The definition of being in touch with the consumer has changed, particularly for a $27 billion beauty business like Procter & Gamble Co.’s that spans more than 100 countries.
This story first appeared in the June 15, 2011 issue of WWD. Subscribe Today.
Undeterred, Charlie Chappell, associate marketing director, digital and e-commerce for Beauty & Grooming at P&G, declared, “The possibilities now are becoming endless to develop a deeper connection.…The rules are all being rewritten.”
P&G has found that to make an impact with the consumer, digital efforts do best when tied to a cause or a purpose.
To illustrate the point, he detailed how Secret deodorant — a category that at first blush wouldn’t seem to elicit strong emotion — attracted more than one million fans to its Facebook page. When Secret launched its Facebook page in January 2010, the brand set out to tap into the strength conveyed by its former tag line, “Strong enough for a man, but made for a woman.”
The timing of the page’s launch also coincided with P&G’s sponsorship of the Winter Olympics. So, Secret began a campaign to add women’s ski jumping as an official sport for the 2014 Winter Olympics. It began with a slick video that at the end declared, “Let’s not bridge the gap. Let’s jump over it.”
The effort piqued women’s interests and attracted fans to the page. But the biggest surge of Secret’s Facebook fans came when the brand aligned itself with a campaign to end bullying. “In 2010, the topic of cyber bullying became very relevant,” said Chappell. The social issue lead Secret to develop a program called Mean Stinks to encourage women to offer kind words to the victim when they see bullying happening. As part of the effort, the Secret team sent a box of T-shirts — with slogans like “Petty Isn’t Pretty” — to a student who started a Stop Bullying Now group at her school. Consumers soon began posting videos in support of the cause, with some apologizing for not stepping in to stop bullying in the past.

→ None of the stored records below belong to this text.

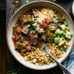 I love topping the bowl with creamy avocado and tomatoes, which add a burst of freshness, but cheese, jalapenos or salsa would also be great additions.
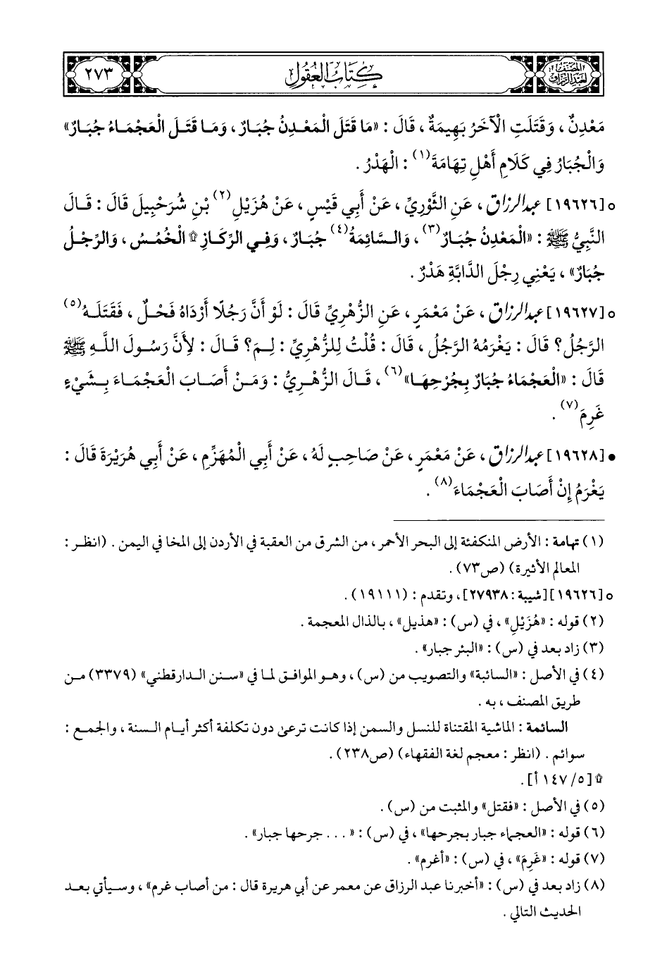 ° [١٩٦٢٦] عبد الرزاق، عَنِ الثَّوْرِيِّ، عَنْ أَبِي قَيْسٍ، عَنْ هُزَيْلِ (¬٢) بْنِ شُرَحْبِيلَ قَالَ: قَالَ النَّبِيُّ - صلى الله عليه وسلم -: "الْمَعْدِنُ جُبَارٌ (¬٣)، وَالسَّائِمَةُ (¬٤) جُبَارٌ، وَفِي الرَّكَازِ * الْخُمُس، وَالرَّجْلُ جُبَارٌ"، يَعْنِي رِجْلَ الدَّابَّةِ هَدْرٌ.
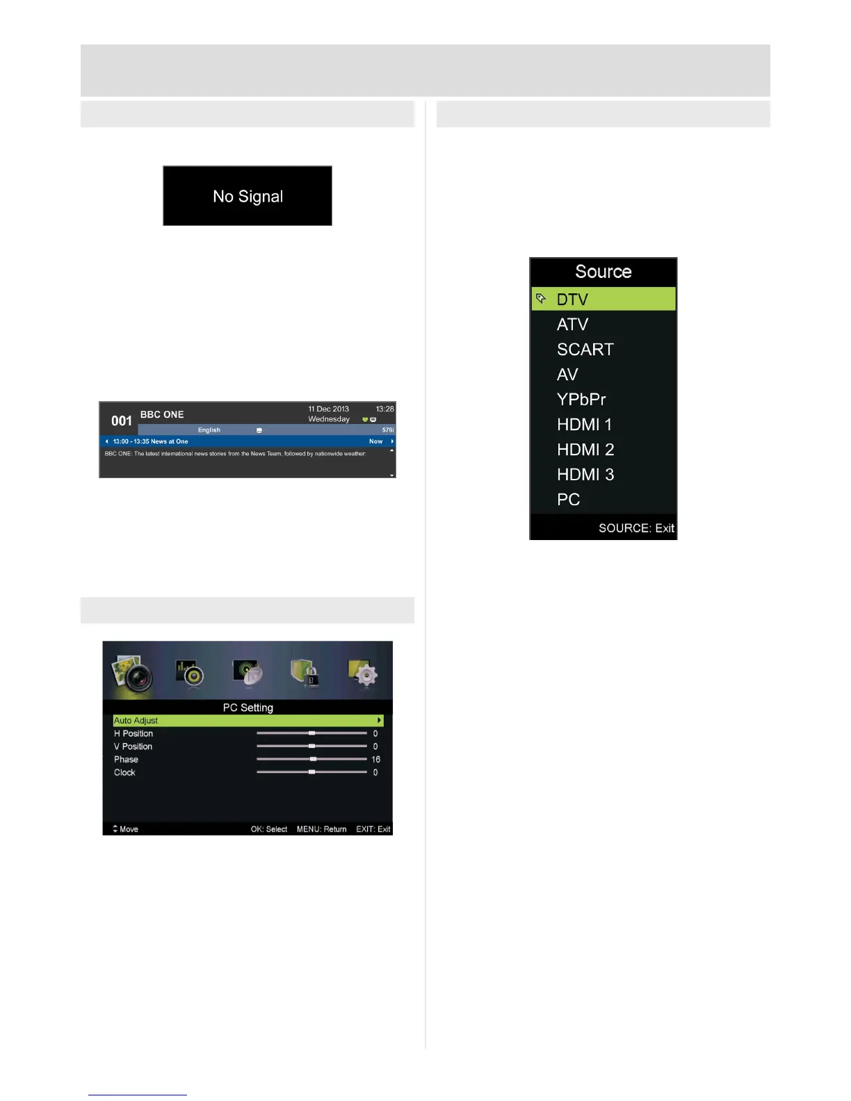 This will be displayed if the TV is not detecting a
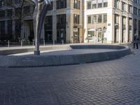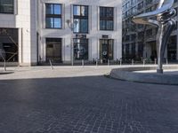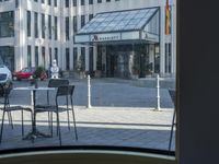 The modern architecture of the Berlin Marriott Hotel stands out against the cobble stone street, surrounded by cafes, restaurants, and public spaces in the vibrant downtown of Berlin, Germany.
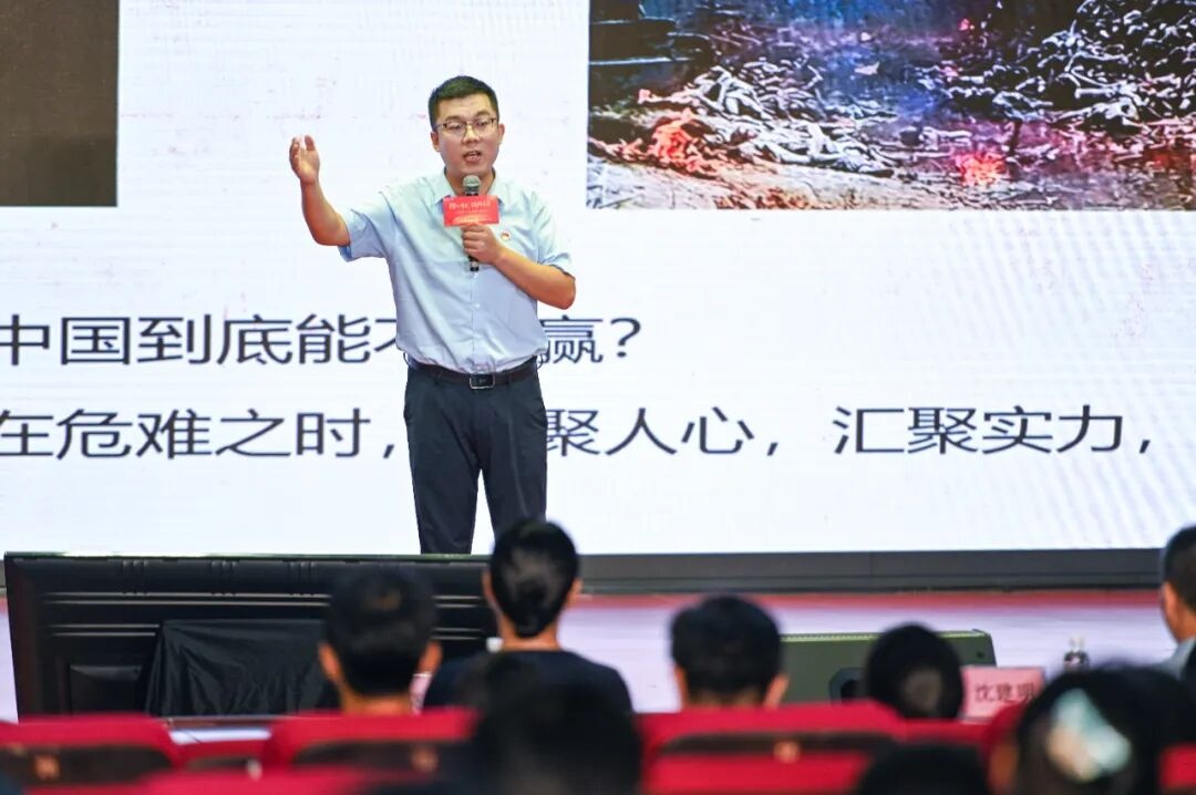 从伟大胜利到伟大复兴,必须弘扬伟大抗战精神;从伟大胜利到伟大复兴,必须坚持实干奋斗。时代的号角已经吹响,历史的接力棒已传递到青年手中。作为青年一代,我们当以何种姿态奋斗?当以何种作为担当?宣讲员、德赢教师安济森用一堂87年前的青春动员令给出了答案。随着安济森的宣讲,时光回到了1938年5月的顺德碧江。在迷茫中,广雅中学师生迎来叶剑英将军一场豪情万丈、催人奋进的演讲,这深深触动了在场800多名师生及碧江群众的心灵。自此,广雅中学学生会和抗日救亡宣传队纷纷组织学生学习军事,当地群众纷纷加入抗日游击斗争,在不同的战线上开展轰轰烈烈的抗战运动,产生了较大影响。
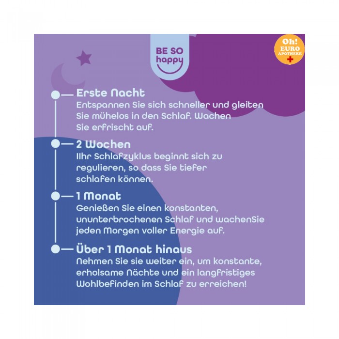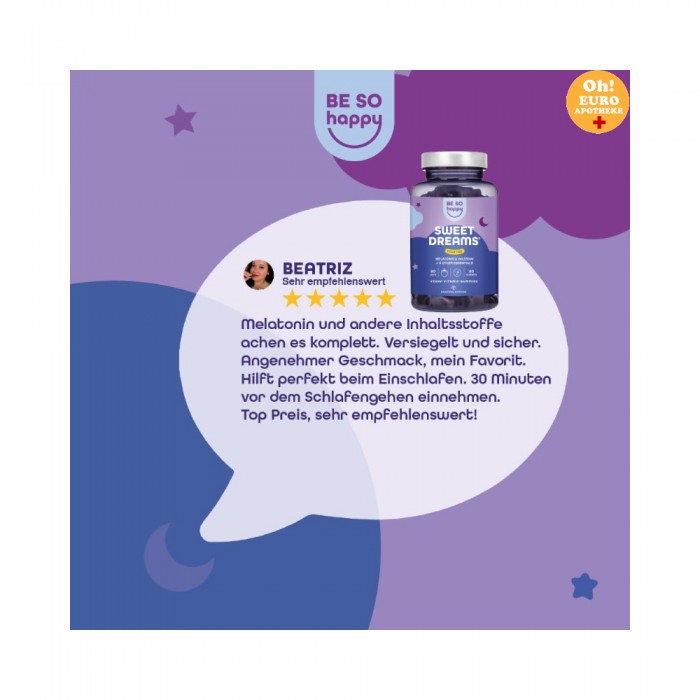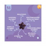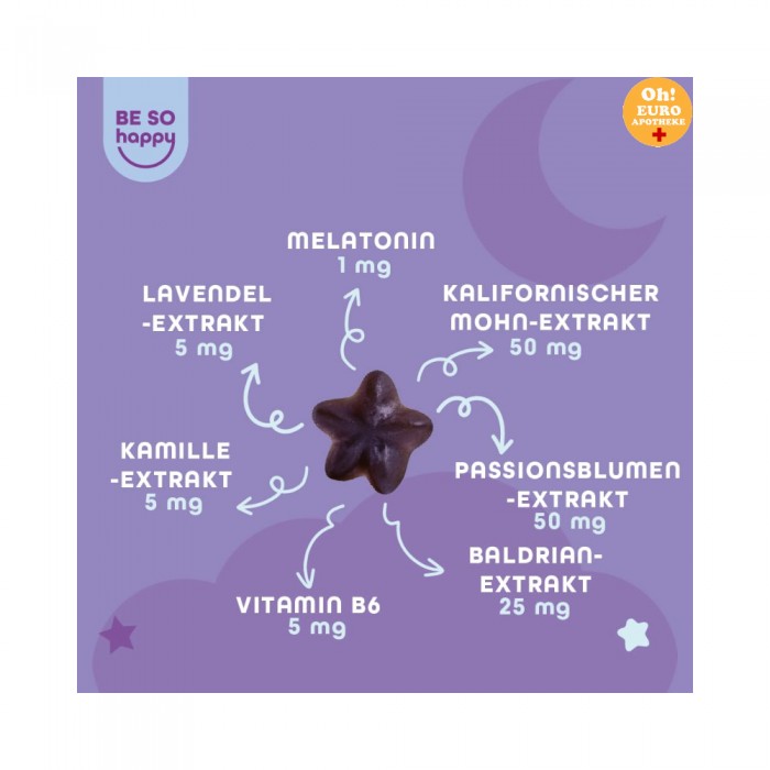 성분: 감미료(말티톨 시럽 및 스테비올 배당체), 변성 전분, 산미제(사과산 및 구연산), 산도 조절제(구연산나트륨), 천연 향료, 발레리안 추출물, 색소(당근 농축액), 밤 추출물, 코팅제(카르나우바 왁스), 멜라토닌, 라벤더 추출물.

“The spike in new fans blew away everyone’s expectations,” said Chappell. It was taking the “engagement activity up and up,” he added, noting that the brand has gained share for the last five years. “We believe digital played a major part.”
P&G’s most visible — and talked about — digital effort burst into consumers’ consciousness with a TV spot for Old Spice featuring the shirtless, smooth-talking spokesman Isaiah Mustafa just prior to the Super Bowl. The video instantly went viral. The idea for the ad, said Chappell, started with an objective: “To convince women to stop buying ladies-scented body wash for their men.” After all, at the time Old Spice was facing a big threat: Unilever was gearing up to launch Dove Men+Care, complete with a splashy Super Bowl ad. “It’s a brilliant idea because women buy 50 percent of men’s [grooming] products,” he acknowledged. Old Spice had to swing back.

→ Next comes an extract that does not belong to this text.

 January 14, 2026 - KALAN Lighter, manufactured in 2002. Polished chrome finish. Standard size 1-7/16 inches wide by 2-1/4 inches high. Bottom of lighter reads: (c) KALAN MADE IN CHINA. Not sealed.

Referring to the first TV spot — that ends with, “Anything is possible when your man smells like Old Spice and not a lady” — Chappell said, “This started with a great idea brilliantly executed in a traditional format: a 30-second commercial.”
To date, that particular spot has generated 32 million views on YouTube, he said. The campaign has also inspired parodies as viewers posted their own humorous spin on the ads. “[Old Spice] marketers had to give away some of their control to the consumer,” he said. As a result of the “Smell Like a Man, Man” campaign, sales skyrocketed. At the campaign’s peak in June 2010, Old Spice’s sales were double what they were the previous year.
Chappell said of digital marketing, “It still starts from a need,” and “you have to take risks.”